Exercise brief: Line by line, retype the material exactly and leave each picture out.

*** Input data ***

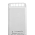 Bateria auxiliar para smartphone con linterna LED y funcion de carga inalambrica. Capacidad 8,000 mAh, con 4 LEDs indicadores de carga. Cuenta con 2 salidas USB, entrada micro USB y tipo C. Potencia de carga inalambrica de 5W. Incluye cable cargador compatible con USB y micro USB.
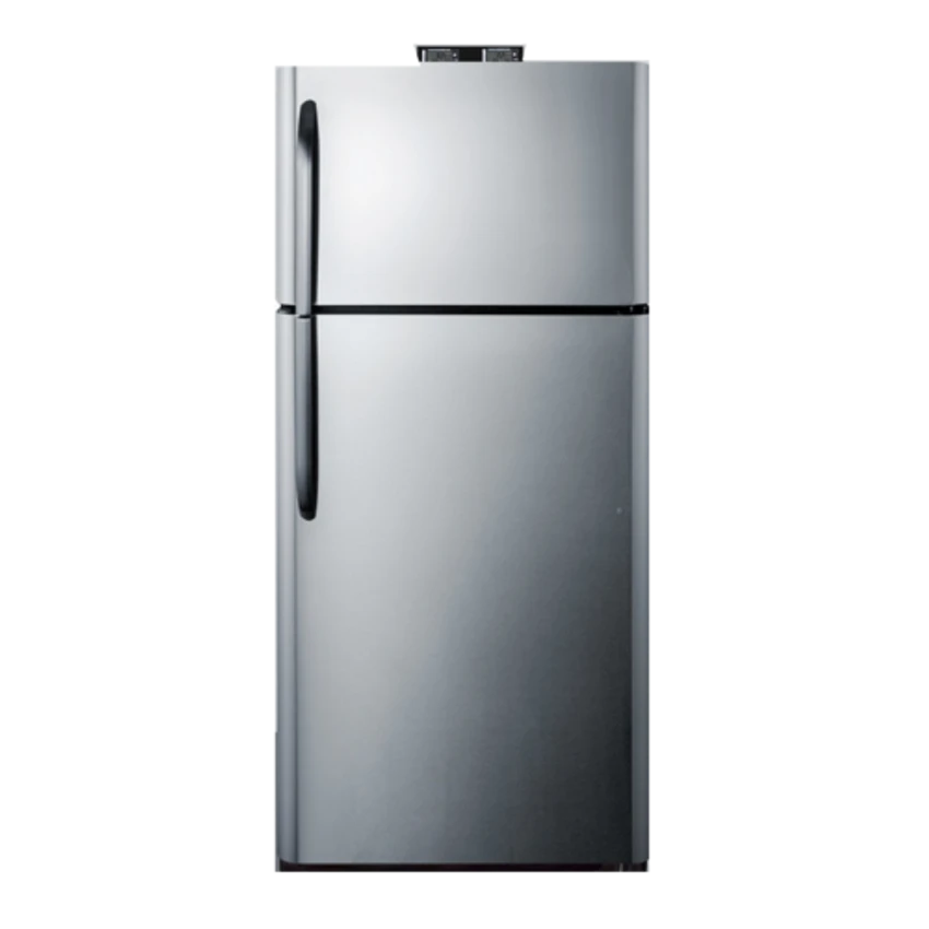 Break Room Refrigerator-Freezer, 29.63″W x 31.75″D x 70.38″H, 21 cu. ft. capacity, frost-free, reversible stainless steel doors, black exterior finish, sealed back, exterior mounted NIST certified thermometer for each section, high/low temperature alarm, adjustable glass shelves, gallon door storage, crispers, interior light, 115v/60/1-ph, 6.0 amps, CSA (Residential)
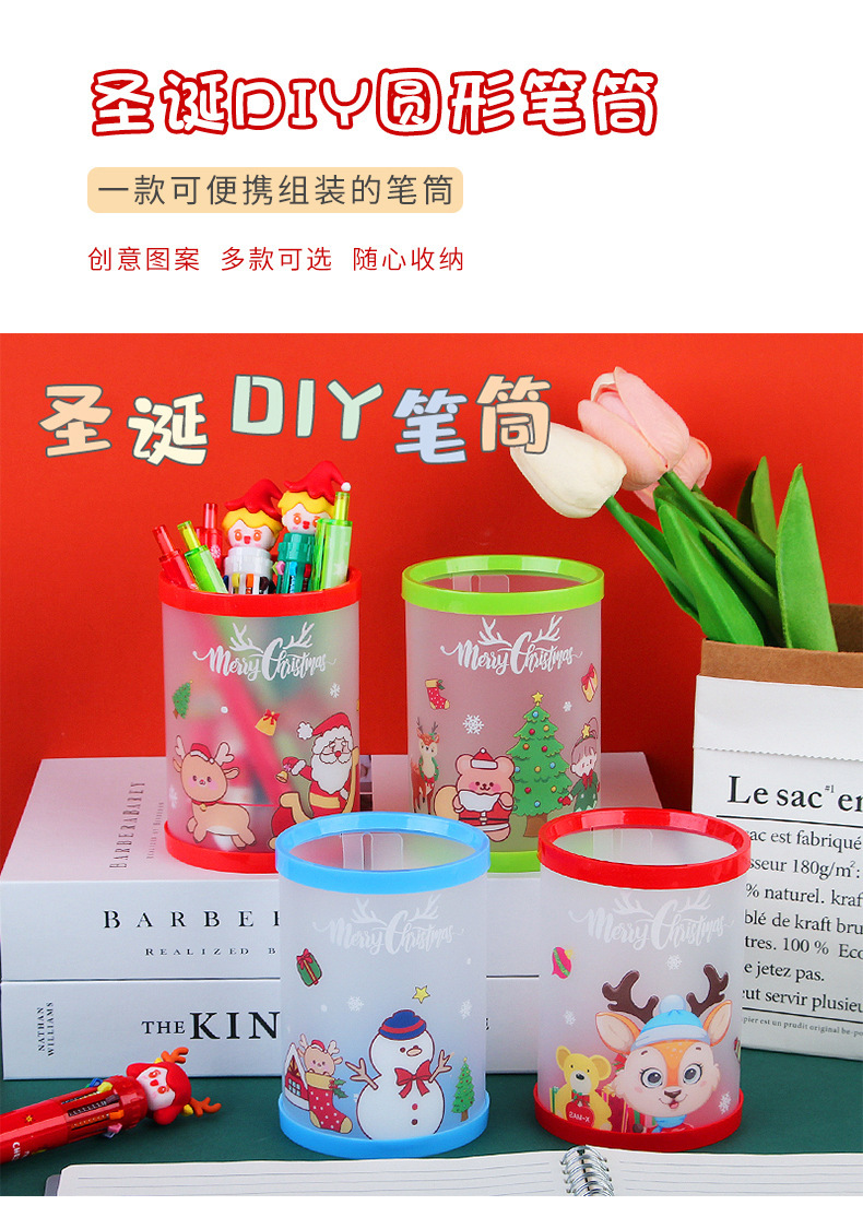 크리스마스 DIY 펜 홀더 귀여운 학생 상품 접이식 조립 펜 홀더 데스크탑 문구 보관 버킷 크리스마스 선물스토어 가기

*** End of Input data ***

Answer to the exercise:
 Bateria auxiliar para smartphone con linterna LED y funcion de carga inalambrica. Capacidad 8,000 mAh, con 4 LEDs indicadores de carga. Cuenta con 2 salidas USB, entrada micro USB y tipo C. Potencia de carga inalambrica de 5W. Incluye cable cargador compatible con USB y micro USB.
 Break Room Refrigerator-Freezer, 29.63″W x 31.75″D x 70.38″H, 21 cu. ft. capacity, frost-free, reversible stainless steel doors, black exterior finish, sealed back, exterior mounted NIST certified thermometer for each section, high/low temperature alarm, adjustable glass shelves, gallon door storage, crispers, interior light, 115v/60/1-ph, 6.0 amps, CSA (Residential)
 크리스마스 DIY 펜 홀더 귀여운 학생 상품 접이식 조립 펜 홀더 데스크탑 문구 보관 버킷 크리스마스 선물스토어 가기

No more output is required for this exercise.